Climate talks set to go through the night as wrangling continues

Updated

Battle lines have been exposed amid intense diplomatic wrangling as crucial United Nations climate talks reach the end game.

Ministers from more than 190 countries were gearing up to work through the night again at the summit in Paris to secure a final draft of the deal as the talks slipped past their official Friday evening deadline.

The final deal could include references to making efforts to keep temperature rises to no more than 1.5C above pre-industrial levels - a key ask of the most vulnerable countries who fear greater warming could threaten their very survival - as many countries are thought to be "comfortable" with the idea.

Although it could still change in the final draft, as it stands the agreement would seek to keep temperature rises to "well below" 2C above pre-industrial levels - beyond which dangerous climate change is widely expected - as well as to pursue efforts to limit the temperature increase to 1.5C.

But there are warnings about the feasibility of meeting the 1.5C target, with Professor Geoffrey Maitland, professor of energy engineering at Imperial College London, describing it as "extremely challenging, verging on the unrealistic" given that global temperature rises are already at 1C.

"However, if it acts as an aspiration to ensure that we do meet 2C, then that will be good," he added.

Experts warn that to stabilise the climate at any temperature will require net zero emissions at some stage, which is included in the current deal as "reaching greenhouse gas emissions neutrality in the second half of the century".

It is likely to require action to plant forests, store carbon in soil or develop technology to capture carbon emissions from power plants and store them permanently underground, particularly to meet the more stringent 1.5C goal.

The level of ambition in the final deal being negotiated in the talks, which have almost reached the "end of the road", according to French foreign minister Laurent Fabius, who is chairing the talks, remains one of the key issues.

The issue of "loss and damage" - the recognition that some of the most vulnerable countries need support to cope with irreversible impacts such as inundation of their land from rising sea levels - is also hugely difficult, with developed countries refusing anything that could open them up to liability or compensation.

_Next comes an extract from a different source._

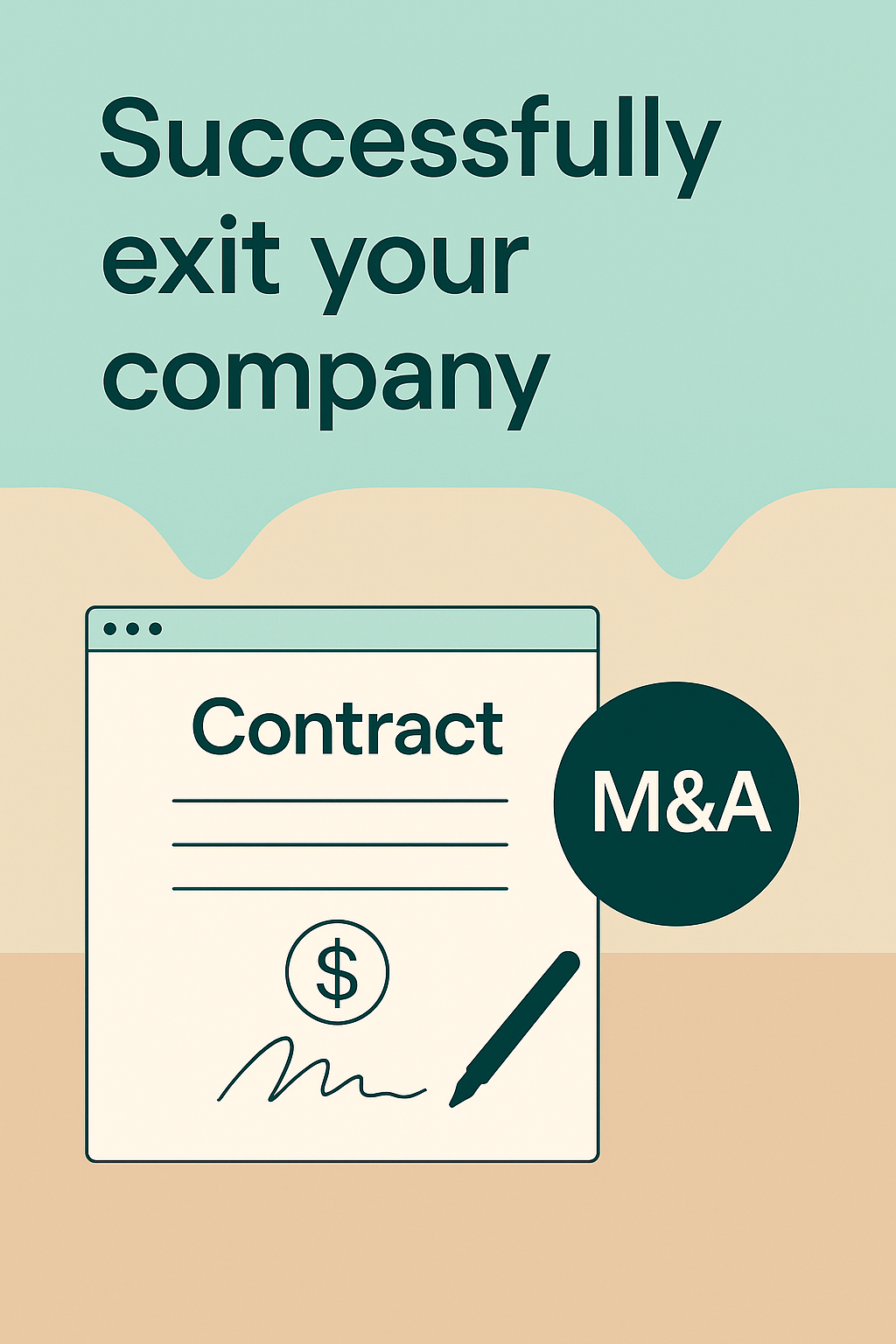 A visually engaging graphic illustrating the concept of successfully exiting a company through M&A, featuring a contract illustration. Ideal for business consulting or finance-related content.

Finance for poor countries to deal with climate change and the different responsibilities of developed and developing countries to tackle climate change and pay for it, are also still the focus of political dispute.

It is thought there is movement on issues, however, that could lead to compromises, and that all countries still want to get a deal.

Nevertheless, Indian environment minister Prakash Javadekar accused developed countries of not showing flexibility towards poorer countries, and warned that unless rich nations showed the "spirit of accommodation", the success of the talks was not guaranteed.

Among other countries, a "high ambition coalition" including the EU, some of the world's poorest and most vulnerable countries and the US, Chile, Colombia, Mexico, Iceland and Norway has called for a robust climate deal, with Brazil the most recent country to join the group.

Marshall Islands foreign minister Tony de Brum, the driving force behind the coalition, warned there had been a "co-ordinated campaign to gut the text" of ambition by some countries, and pledged to fight for a strong agreement.

The coalition is calling for a robust five-yearly review system which would see countries review and increase their pledged emissions cuts, a move that is necessary as current climate action plans would only limit temperature rises to 2.7C.

Meanwhile US president Barack Obama has spoken on the phone to president Xi Jinping of China in the push to achieve an ambitious climate deal, the White House said.

The two leaders agreed the Paris conference was a crucial opportunity to galvanise global efforts to tackle climate change, and committed that their negotiating teams at the talks would continue to work closely together and with others to get an ambitious climate agreement, officials said.

Despite the overrun and the thorny issues that need to be tackled, eminent economist Lord Stern - who wrote the key review on the economics of climate change - said it was the best atmosphere between countries that he had seen in 10 years of attending UN climate talks.

He put the change down to the fact that countries were now "seeing a way forward" that could tackle climate change and help address other issues such as giving people access to electricity and boosting economic growth.